若 $a_j<a_{j+1}$,则 $a_{j+2}=a_{j+1}-a_j$,且 $a_{j+3}=a_j$。因此 $a_{j+1}>a_{j+2}$ 且 $a_{j+1}>a_{j+3}$。
两种情况下都有 $\max(a_j,a_{j+1})>\max(a_{j+2},a_{j+3})$,证毕。
引理:若 $a_i=a_{i+1}$,则 $a_i=1$。此外,若对某个 $i>2$ 有 $a_i=0$,则 $a_{i-1}=a_{i-2}=1$。
证明:由题目中 $(a_n)$ 的构造方式,若出现相邻两项相等 $a_i=a_{i+1}$,则 $a_i$ 整除序列中的每一项。因此 $a_i\mid 999$ 且 $a_i\mid a_2$,从而 $a_i\mid \gcd(999,a_2)=1$,故 $a_i=1$。第二个结论:若 $a_i=0$,则 $a_{i-1}=a_{i-2}$,由刚证得的第一个结论可知 $a_{i-2}=a_{i-1}=1$。
引理:$(a_n)$ 会在某个 $i\leq 2000$ 处完成。
证明:假设 $(a_n)$ 在某个 $i>2000$ 处完成,或根本不完成。则由第二个引理以及 $999$ 与 $a_2$ 都不为 $0$,可知在 $(a_1,a_2),\dots,(a_{1999},a_{2000})$ 这些相邻对中,没有任何一对包含 $0$,也没有任何一对等于 $(1,1)$。于是由第一个引理得到
\[\max(a_1,a_2)>\max(a_3,a_4)>\cdots>\max(a_{1999},a_{2000})>0,\]
从而 $999=\max(a_1,a_2)\geq 1000$,矛盾。故 $(a_n)$ 必在某个 $i\leq 2000$ 处完成。
现在可以确定需要计数的 $a_2$。
注意 $2006\equiv 2\pmod 3$,且 $a_1=999$ 为奇数。
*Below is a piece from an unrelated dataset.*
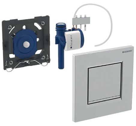 Dotychczasowe konstrukcje zaworów miały zastosowanie dla pisuarów montowanych bezpośrednio na ścianie murowanej. lub na stelażach bez puszki przyłączeniowej. W takich rozwiązaniach cała armatura musi być zamocowana nad tynkiem. Przy stelażach z puszką korpus zaworu może być skryty w ścianie, na zewnątrz pozostaje tylko tzw. płytka, lub przycisk sterujący. Sprężanie powietrza odbywa się wtedy pośrednio, poprzez wężyk zamocowany między przyciskiem a korpusem zaworu. Poniżej przykładowe rozwiązanie stosowane w firmie GEBERIT.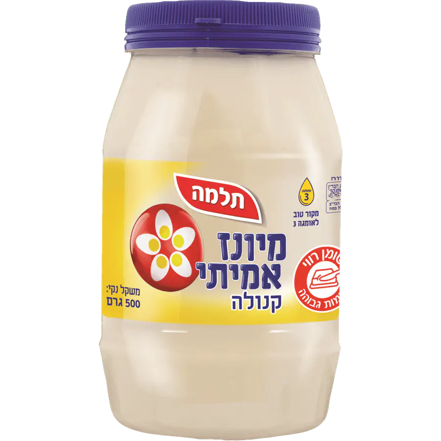 במיונז על בסיס קנולה, יש 0.02% שמן סויה. ורשום על המיונז לאוכלי קטניות.

分两种情况。
情况 1:若 $a_2$ 为奇数,则 $a_3$ 为偶数,$a_4$ 为奇数,$a_5$ 为奇数,$a_6$ 为偶数,并且由于递推定义,这种模式每三项重复一次,因此 $(a_n)$ 模 $2$ 的序列为
\[1,1,0,1,1,0,\dots\]
所以 $a_{2006}$ 为奇数,从而为 $1$(因为若 $(a_n)$ 在 $i$ 处完成,则对所有 $k\geq i$,$a_k$ 必为 $0$ 或 $1$)。
情况 2:若 $a_2$ 为偶数,则 $a_3$ 为奇数,$a_4$ 为奇数,$a_5$ 为偶数,$a_6$ 为奇数,并且这种模式每三项重复一次,因此 $(a_n)$ 模 $2$ 的序列为
\[1,0,1,1,0,1,\dots\]
所以 $a_{2006}$ 为偶数,从而为 $0$。
因此,$a_{2006}=1$ 当且仅当 $\gcd(999,a_2)=1$ 且 $a_2$ 为奇数。于是我们只需计数满足这些条件的 $a_2$。
小于 $999$ 且与其互素的数共有 $\phi(999)=648$ 个($\phi$ 为欧拉函数)。我们要数其中有多少是奇数。注意映射
\[t\mapsto 999-t\]
在小于 $999$ 且与 $999$ 互素的奇数与偶数之间建立了一一对应。因此最终答案为 $648/2=324$,即 $\boxed{\text{B}}$。